The light has a memory mode, so it will retain this output setting until you activate another ramping sequence. 

There is also a stand-by mode that flashes once every 5 secs (ostensibly to help you find the light in the dark). To access, enter the strobe mode by only soft-pressing on the clicky (i.e. soft-press on, release, soft-press on again within 2 secs and hold). Release to turn off the light while in strobe, and then click-on again after a 2 sec wait. To exit stand-by, simple click-off. Next time to click again, the light will come back on in your set output state.

_Basically, what you have is a single selectable output level light, with the option of rapid access to a strobe mode - or more cumbersome access to a ramp or stand-by modes._

Personally, I find this limiting in actual usage and not at all intuitive. A couple of set-able output modes (and a couple of quick shortcuts to min/max) would have been better.
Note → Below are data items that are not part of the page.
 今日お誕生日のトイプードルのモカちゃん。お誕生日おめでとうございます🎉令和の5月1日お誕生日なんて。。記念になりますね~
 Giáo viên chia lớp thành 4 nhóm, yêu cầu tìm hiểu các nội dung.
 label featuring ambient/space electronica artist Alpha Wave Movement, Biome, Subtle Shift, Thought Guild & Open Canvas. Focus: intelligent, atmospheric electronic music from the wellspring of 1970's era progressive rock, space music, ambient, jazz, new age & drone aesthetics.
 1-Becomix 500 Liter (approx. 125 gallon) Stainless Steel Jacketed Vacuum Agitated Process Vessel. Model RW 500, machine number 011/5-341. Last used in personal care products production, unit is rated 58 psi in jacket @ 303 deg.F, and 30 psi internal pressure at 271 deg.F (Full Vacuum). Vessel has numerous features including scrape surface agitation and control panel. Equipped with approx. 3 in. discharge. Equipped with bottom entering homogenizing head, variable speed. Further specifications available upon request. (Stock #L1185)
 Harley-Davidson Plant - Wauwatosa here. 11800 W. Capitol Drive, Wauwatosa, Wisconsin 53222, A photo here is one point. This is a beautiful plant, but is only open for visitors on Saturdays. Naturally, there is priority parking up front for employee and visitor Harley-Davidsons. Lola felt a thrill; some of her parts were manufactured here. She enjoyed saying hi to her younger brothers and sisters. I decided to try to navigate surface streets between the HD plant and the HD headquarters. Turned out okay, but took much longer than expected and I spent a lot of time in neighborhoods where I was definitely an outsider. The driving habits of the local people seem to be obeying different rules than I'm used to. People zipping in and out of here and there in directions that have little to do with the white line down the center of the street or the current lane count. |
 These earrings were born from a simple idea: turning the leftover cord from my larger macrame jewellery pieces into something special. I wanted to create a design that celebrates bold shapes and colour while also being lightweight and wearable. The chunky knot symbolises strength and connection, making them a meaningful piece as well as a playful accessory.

It is also a bit cumbersome, since after turning your light off, you have to wait ~5 secs or so before trying to turn it back on again, or you will find yourself in strobe (under 2 sec wait), or at the start of the ramp (2-4 sec wait). 

Note that the manual erroneously makes it sound like you will always wind up in the ramp for any off-time longer than 2 secs. :thinking: Ironically, this was an issue with original defective pill, which would indeed occasionally forget how long it was off and started ramping upon first use after a long off period. I'm happy to report the revised pill does not suffer from this intermittent fault.
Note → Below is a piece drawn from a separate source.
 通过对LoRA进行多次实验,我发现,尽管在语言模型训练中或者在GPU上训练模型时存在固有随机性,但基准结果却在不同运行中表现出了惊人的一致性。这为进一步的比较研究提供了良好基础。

_*UPDATE 03/23/09:* The DX unit has exactly the same interface as the original/revised EDC._

Here's how the EDC compares to some of the other 1xAA competition






Regal EDC with standard bezel: weight 63.6g, length 105mm, width (bezel) 31mm, width (tailcap) 20mm.

Regal EDC with Hawk Snipe bezel: weight 127.2g, length 138mm, width (bezel) 50mm, width (tailcap) 20mm.

*Beamshots*

For beamshots, below is a comparison of the Regal EDC to well-known 1AA lights. "Regal EDC" refers to the standard bezel. All lights on Eneloops on max, ~0.5 m from a white wall. 

*1/25sec, f3.2*









*1/100sec, f3.2*









*1/800sec, f3.2*









As you can see above, even the standard bezel produces a very wide spill beam. In fact, it's spill beam is wider than the Hawk Snipe, which is more focussed for throw. I would say the standard bezel beam pattern is still somewhat ringy, but generally quite good. 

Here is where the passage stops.